The lesser of two evils is, unfortunately, often our only choice in that part of the world. I didn’t say that he deserved a Peace Prize, just that he did so more than Obama did. Or, for that matter, than Yassir Arafat did. It’s a pretty low bar.
You know who else was the lesser of two evils? Mubarak.
Obama helped overthrow a government that was friendly with the US and its neighbors and then helped replace it with the totalitarian Muslim militant group the Muslim Brotherhood. The administration lied about it, of course, by claiming the MB was secular. Then unable to recognize how retarded that was, fought to keep the MB in power.
The new guy may not be any better than Mubarak but at least he wont be taking Egypt down the road of Iran or Afghanistan.
@ Bob-1.
Speaking in general,I think it’s better to support the lessor evil than the greater one. And I might point out that, in your own words, Obama is backing the greater evil (due to opposing what you call the lessor one).

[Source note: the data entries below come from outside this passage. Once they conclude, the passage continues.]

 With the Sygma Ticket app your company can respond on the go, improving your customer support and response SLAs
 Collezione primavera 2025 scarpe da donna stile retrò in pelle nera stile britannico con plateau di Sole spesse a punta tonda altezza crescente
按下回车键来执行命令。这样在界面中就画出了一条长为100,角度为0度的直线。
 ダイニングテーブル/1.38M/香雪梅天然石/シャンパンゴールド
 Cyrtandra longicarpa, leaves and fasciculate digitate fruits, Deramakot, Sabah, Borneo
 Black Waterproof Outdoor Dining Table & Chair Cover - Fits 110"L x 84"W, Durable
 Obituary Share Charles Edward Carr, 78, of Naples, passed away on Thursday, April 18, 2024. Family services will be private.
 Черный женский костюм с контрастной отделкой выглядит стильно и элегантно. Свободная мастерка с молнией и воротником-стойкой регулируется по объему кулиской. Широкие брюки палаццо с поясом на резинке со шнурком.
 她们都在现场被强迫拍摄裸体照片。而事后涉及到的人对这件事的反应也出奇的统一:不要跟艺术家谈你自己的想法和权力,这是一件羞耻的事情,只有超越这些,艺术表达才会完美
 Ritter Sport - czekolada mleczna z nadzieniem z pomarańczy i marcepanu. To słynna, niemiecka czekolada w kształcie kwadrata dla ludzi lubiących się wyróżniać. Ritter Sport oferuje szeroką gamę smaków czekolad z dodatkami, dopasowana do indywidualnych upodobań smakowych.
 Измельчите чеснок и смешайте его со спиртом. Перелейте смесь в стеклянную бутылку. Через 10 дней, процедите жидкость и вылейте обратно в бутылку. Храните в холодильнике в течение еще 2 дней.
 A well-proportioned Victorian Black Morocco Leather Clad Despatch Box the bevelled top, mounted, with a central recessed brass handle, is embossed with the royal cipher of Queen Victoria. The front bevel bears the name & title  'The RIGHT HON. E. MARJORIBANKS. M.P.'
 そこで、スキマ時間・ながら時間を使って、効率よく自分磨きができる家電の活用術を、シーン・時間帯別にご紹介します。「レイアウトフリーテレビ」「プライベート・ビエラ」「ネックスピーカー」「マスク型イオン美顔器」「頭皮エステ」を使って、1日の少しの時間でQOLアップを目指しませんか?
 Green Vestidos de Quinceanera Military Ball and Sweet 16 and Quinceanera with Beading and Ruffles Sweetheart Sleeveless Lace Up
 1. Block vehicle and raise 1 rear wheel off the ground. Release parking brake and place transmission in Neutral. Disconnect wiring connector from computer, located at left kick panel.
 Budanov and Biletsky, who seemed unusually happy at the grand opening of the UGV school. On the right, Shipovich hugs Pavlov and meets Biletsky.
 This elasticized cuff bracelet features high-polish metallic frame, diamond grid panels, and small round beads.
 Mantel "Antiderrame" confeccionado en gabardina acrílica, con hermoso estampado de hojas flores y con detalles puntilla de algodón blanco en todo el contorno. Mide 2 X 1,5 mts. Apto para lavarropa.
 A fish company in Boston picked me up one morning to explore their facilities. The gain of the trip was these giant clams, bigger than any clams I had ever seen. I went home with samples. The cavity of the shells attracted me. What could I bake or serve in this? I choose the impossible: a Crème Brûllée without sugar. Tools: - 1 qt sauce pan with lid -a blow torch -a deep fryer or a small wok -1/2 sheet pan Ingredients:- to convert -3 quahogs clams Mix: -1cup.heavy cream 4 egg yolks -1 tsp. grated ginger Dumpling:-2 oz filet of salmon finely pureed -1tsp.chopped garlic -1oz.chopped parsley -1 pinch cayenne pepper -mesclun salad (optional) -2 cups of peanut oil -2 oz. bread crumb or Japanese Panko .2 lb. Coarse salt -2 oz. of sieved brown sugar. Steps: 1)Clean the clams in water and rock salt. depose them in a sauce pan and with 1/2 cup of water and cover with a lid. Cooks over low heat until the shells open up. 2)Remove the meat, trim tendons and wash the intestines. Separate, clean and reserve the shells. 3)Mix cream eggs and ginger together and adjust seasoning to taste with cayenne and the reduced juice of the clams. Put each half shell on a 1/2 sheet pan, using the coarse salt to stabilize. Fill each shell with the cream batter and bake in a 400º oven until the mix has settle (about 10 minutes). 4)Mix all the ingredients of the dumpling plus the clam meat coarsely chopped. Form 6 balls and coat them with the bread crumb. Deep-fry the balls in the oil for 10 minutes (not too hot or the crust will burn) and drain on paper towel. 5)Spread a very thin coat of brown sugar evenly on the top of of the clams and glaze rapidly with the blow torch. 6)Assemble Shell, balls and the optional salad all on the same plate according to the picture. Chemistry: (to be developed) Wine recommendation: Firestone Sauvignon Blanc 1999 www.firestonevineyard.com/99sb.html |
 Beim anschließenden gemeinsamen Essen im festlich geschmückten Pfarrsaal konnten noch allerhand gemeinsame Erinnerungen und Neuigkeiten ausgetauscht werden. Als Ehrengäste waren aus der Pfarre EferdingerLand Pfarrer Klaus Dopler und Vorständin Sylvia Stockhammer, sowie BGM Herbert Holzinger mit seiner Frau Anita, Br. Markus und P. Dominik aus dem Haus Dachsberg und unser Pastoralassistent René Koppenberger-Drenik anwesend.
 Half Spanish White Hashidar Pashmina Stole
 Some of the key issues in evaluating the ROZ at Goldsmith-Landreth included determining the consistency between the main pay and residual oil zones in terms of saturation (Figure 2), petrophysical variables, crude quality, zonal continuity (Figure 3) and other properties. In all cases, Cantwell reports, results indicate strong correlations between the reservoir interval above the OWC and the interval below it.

However, the link you sent seems to refer to a massacre of muslim brotherhood supporters? If so, I’ll praise Al-Sisi him for that, too – because the best thing to do with an islamist is to kill them.
I’m sure there’s plenty I’d find objectionable about Al-Sisi, but so what? The issue at hand is his speech, and on that, I’m in full accord and find it praiseworthy. As far as his human rights record, I’ll bet there are things he’s done that I’d disapprove of, but massacring muslim brotherhood supporters sure as heck isn’t one of them – the more islamists he kills, the better I like him.
Well, see, I wouldn’t like someone who killed unarmed Nazis/Islamists/Communists/etc because they were exercising their right to speech and exercising their right to peacefully demonstrate, but apparently that’s where we differ.
@ Bob-1;
You wouldn’t like someone who killed unarmed Nazis? Then we differ in opinions on that matter, quite markedly.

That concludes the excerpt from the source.